Hekime başvurma nedenleri arasında üst solunum yolu enfeksiyonlarından sonra ikinci sırada bel ağrısı yakınmaları yer almaktadır. Erişkinlerin %80'i hayatlarının herhangi bir döneminde bel ağrısından şikâyet etmektedir. Bu durum çalışan kesimde, işgücü kaybının en önemli nedenini oluşturmaktadır. Şiddetli ya da uzun süreli olduğu zaman yaşam kalitesini belirgin derecede düşürmektedir.
Risk Faktörleri Nelerdir?
Risk faktörlerinin başında ağır kaldırma, şişmanlık, kondisyon bozukluğu gibi etmenler yer alırken, hiç risk taşımayan kişilerde de bel ağrısı ve fıtık görülebilmektedir. Bel problemleri ile ilgili olarak doğru bilinen yanlışların başında yatak istirahatının yararlı olacağı görüşü yer almaktadır. Ancak, yapılan araştırmalar bu durumun iyileşmeyi hızlandırmadığı gibi, tedaviyi geciktirebileceğini göstermektedir.
Omurga kırıkları ya da sinir basısı gibi ciddi sorunlar dışında, ağrı devam etse de hastaların yataktan kalkmaları gerekmektedir. En basiti, yürüme; herkesin rahatlıkla yapabileceği bir aktivitedir. Günde 30 – 45 dakikalık bir yürüyüş bile sıkıntıların azalması adına çok önemli bir adımdır. Akut dönemlerde (yani hastalığın ani ve daha şiddetli görüldüğü dönemlerde) ise, bel egzersizlerinden uzak durmak gerekmektedir. Günlerce hiç kıpırdamadan yatağa çakılı kalmak artık tarih oldu. Peki, beslenme açısından durumu değerlendirmek gerekirse neler yapılmalıdır?
Beslenme Nasıl Olmalıdır?
Madem bilimsel çalışmalarda kilo vermenin sıkıntıları hafifleteceği belirtilmekte; o halde kişinin sık sık beslenerek bir sonraki öğünde daha az ve yavaş yemek yemesi sağlanmalıdır. Başta kahvaltı olmak üzere asla öğün atlanmamalıdır. Yaklaşık 2,5 - 3 saatlik aralıklarla beslenilmelidir. Tek tip beslenmekten kaçınmalı, besin çeşitliliğine önem verilmelidir. Enerji değeri yüksek, besleyici değeri düşük olan; şekerli ve yağlı yiyeceklerden olabildiğince kaçınmakta yarar vardır. Besinleri kızartmak, kavurmak yerine; haşlama, ızgara, buğulama veya fırında pişirme yöntemleri ile hazırlamak gerekmektedir.

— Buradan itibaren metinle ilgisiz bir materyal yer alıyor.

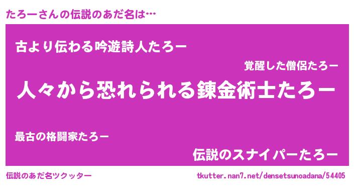 | 意味不明あだ名 | 『住所不定無職たろー(86歳)』『自称たろー』 |

Suyun; alınan besinlerin sindiriminden, metabolik atıkların dışarı atılmasına kadar her aşamada çok önemli görevleri vardır. Bu nedenle günlük sıvı tüketimi arttırılmalıdır. Katkısız, en iyi çözücü su olduğu için kadınlarda günde 10, erkeklerde 14 bardak su içilmesi önerilmektedir. Diyet yaparken çay, kahve, bitki ve meyve çaylarına şeker yerine yapay tatlandırıcılardan katılabileceği gibi gazlı içeceklerde de light olanların tercih edilmesi daha uygun görülmektedir.
Ayrıca posalı yani lifli besinlerin tüketimi arttırılmalıdır. Posalı besinler kan şekerini, istenilen seviyede tutmaya yardımcı olurlar. Midede, su ile birlikte şişerler; tokluk, doygunluk hissi sağlarlar. Ayrıca dışkılama miktarını ve sıklığını arttırırlar. Kabızlık şikâyeti varsa ortadan kalkar, böylelikle kilo vermeye de yardımcı olurlar. Bu yüzden haftada 2 - 3 kere kuru baklagil yemeği yenilmelidir. Beyaz ekmek yerine kepek, çavdar, yulaf veya tam buğday ekmeğini; pirinç yerine bulguru tercih etmekte yarar vardır. Pirinç, makarna, erişte ve unun da kepekli olanlarını kullanmak daha sağlıklı olacaktır. Sebze ve meyveler de posa içermektedir. Ancak posaları kabuk ve kabuğa yakın yerlerde bulunduğu için, soyulmadan yenilebilenleri iyi bir şekilde yıkadıktan sonra kabukları ile tüketmek her zaman için daha yararlı olacaktır.